A coalition of major web publishers just fired the opening shot in what could become the industry's biggest battle over AI training data. Reddit, Yahoo, Medium, Quora, and People Inc. announced support for the Really Simple Licensing (RSL) Standard - a new framework that lets publishers set exact pricing terms for AI companies scraping their content. The timing isn't coincidental: AI companies are burning through billions training next-generation models, and publishers want their cut.
The web's latest power play just dropped, and it's aimed squarely at AI companies who've been feasting on free content for years. Reddit, Yahoo, Medium, Quora, and People Inc. are banding together behind the Really Simple Licensing (RSL) Standard, a framework that transforms the humble robots.txt file into a pricing menu for AI training data.

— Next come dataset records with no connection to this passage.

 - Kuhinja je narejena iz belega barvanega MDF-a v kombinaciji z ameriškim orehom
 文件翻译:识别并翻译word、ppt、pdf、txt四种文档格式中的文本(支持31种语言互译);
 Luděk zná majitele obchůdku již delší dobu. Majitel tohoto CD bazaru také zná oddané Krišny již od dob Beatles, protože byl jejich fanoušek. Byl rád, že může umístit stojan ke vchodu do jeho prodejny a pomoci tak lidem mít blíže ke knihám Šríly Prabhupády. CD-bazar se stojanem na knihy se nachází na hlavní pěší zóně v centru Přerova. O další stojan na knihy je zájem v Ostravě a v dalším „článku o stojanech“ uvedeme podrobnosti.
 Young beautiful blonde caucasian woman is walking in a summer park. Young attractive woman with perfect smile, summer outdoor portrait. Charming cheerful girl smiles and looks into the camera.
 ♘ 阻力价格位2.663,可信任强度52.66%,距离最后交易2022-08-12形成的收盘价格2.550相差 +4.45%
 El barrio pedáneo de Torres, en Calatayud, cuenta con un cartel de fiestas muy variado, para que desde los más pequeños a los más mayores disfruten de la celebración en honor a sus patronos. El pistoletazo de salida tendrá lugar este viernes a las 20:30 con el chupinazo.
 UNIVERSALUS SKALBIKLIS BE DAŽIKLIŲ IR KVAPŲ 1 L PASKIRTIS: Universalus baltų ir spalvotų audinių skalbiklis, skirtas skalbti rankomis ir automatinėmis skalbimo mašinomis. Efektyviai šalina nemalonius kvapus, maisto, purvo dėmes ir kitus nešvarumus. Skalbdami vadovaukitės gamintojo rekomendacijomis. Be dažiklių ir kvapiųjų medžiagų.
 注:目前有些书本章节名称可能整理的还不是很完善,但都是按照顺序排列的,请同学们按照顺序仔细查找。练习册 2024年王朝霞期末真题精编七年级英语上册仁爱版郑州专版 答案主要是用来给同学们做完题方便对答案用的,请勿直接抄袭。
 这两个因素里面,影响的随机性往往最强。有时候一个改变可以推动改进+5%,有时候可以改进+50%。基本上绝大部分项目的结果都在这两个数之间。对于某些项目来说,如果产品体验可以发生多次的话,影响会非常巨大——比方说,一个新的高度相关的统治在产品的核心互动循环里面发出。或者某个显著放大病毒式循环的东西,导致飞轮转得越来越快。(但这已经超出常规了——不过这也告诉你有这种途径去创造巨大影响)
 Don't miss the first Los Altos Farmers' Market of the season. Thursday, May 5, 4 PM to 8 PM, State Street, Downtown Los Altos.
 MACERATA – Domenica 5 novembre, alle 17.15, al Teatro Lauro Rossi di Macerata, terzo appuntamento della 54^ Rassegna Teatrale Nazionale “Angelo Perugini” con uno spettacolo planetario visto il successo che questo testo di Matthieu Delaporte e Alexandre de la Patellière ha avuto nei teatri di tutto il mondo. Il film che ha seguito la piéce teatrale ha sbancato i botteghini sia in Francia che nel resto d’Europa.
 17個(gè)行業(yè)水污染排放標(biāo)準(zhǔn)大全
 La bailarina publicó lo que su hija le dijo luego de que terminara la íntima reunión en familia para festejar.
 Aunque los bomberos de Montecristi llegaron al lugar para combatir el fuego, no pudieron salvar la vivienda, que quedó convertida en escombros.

The move represents the most coordinated publisher response yet to AI companies' massive data appetite. Where individual negotiations have yielded mixed results - The New York Times and News Corp secured deals with OpenAI, while others got nothing - the RSL Standard promises collective bargaining power.
"The goal is to create a new, scalable business model for the web," RSL Collective co-founder Eckart Walther told The Verge. Walther, who helped create RSS, is betting that unified publisher action can force AI companies to pay up. "RSL takes some of those early RSS ideas and creates a new layer for the entire internet where licensing rights and compensation rights are defined."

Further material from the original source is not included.